Let us label the sides in order: $a=14$, $b=2\sqrt{10}$, $c=10$, $d=2\sqrt{10}$.

But in the isosceles trapezoid, the order is $AB=14$, $BC=2\sqrt{10}$, $CD=10$, $DA=2\sqrt{10}$.

So $a=14$, $b=2\sqrt{10}$, $c=10$, $d=2\sqrt{10}$.

Then $s=\frac{14+10+2\sqrt{10}+2\sqrt{10}}{2}=\frac{24+4\sqrt{10}}{2}=12+2\sqrt{10}$.

Now, the area $S$ of a cyclic quadrilateral is: $$S=\sqrt{(s-a)(s-b)(s-c)(s-d)}$$ But $S=72$.

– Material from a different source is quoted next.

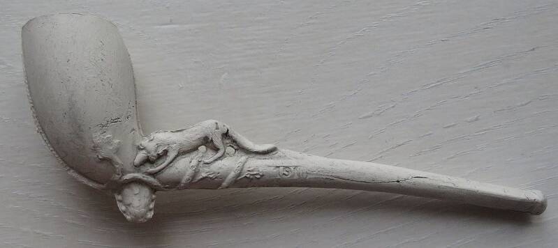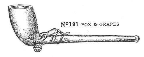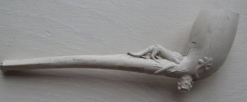 Kleipijp (Lade25FM52) Figuraal met op de steel een liggende vos en druivenranken. Engeland. Midden 20e eeuw.

So: $$72=\sqrt{(s-a)(s-b)(s-c)(s-d)}$$ Let us compute each term:

$s-a=(12+2\sqrt{10})-14=-2+2\sqrt{10}$

$s-b=(12+2\sqrt{10})-2\sqrt{10}=12$

$s-c=(12+2\sqrt{10})-10=2+2\sqrt{10}$

$s-d=(12+2\sqrt{10})-2\sqrt{10}=12$

So: $$(s-a)(s-b)(s-c)(s-d)=[-2+2\sqrt{10}]\times 12\times [2+2\sqrt{10}]\times 12$$ $=12\times 12\times [-2+2\sqrt{10}]\times [2+2\sqrt{10}]$

Now, $[-2+2\sqrt{10}]\times [2+2\sqrt{10}]=(-2)(2)+(-2)(2\sqrt{10})+(2\sqrt{10})(2)+(2\sqrt{10})(2\sqrt{10})$ $=-4-4\sqrt{10}+4\sqrt{10}+4\times 10$ $=-4+40=36$

So the product is $12\times 12\times 36=144\times 36=5184$

So $S=\sqrt{5184}=72$, as required.

Now, the radius $R$ of the circumscribed circle about a cyclic quadrilateral is: $$R=\frac{1}{4}\sqrt{\frac{(ab+cd)(ac+bd)(ad+bc)}{(s-a)(s-b)(s-c)(s-d)}}$$ Let us compute each term:

$ab+cd=(14)(2\sqrt{10})+(10)(2\sqrt{10})=28\sqrt{10}+20\sqrt{10}=48\sqrt{10}$

$ac+bd=(14)(10)+(2\sqrt{10})(2\sqrt{10})=140+4\times 10=140+40=180$

$ad+bc=(14)(2\sqrt{10})+(10)(2\sqrt{10})=28\sqrt{10}+20\sqrt{10}=48\sqrt{10}$

So the numerator is: $(ab+cd)(ac+bd)(ad+bc)=[48\sqrt{10}]\times 180\times [48\sqrt{10}]$

$=(48\sqrt{10}{)}^2\times 180=2304\times 10\times 180=23040\times 180=4,147,200$

The denominator is $(s-a)(s-b)(s-c)(s-d)=5184$

So: $$R=\frac{1}{4}\sqrt{\frac{4,147,200}{5184}}$$

Now, $4,147,200÷5184=800$

So: $$R=\frac{1}{4}\sqrt{800}=\frac{1}{4}\times 20\sqrt{2}=5\sqrt{2}$$

Answer:

The radius of the circumscribed circle is $5\sqrt{2}$.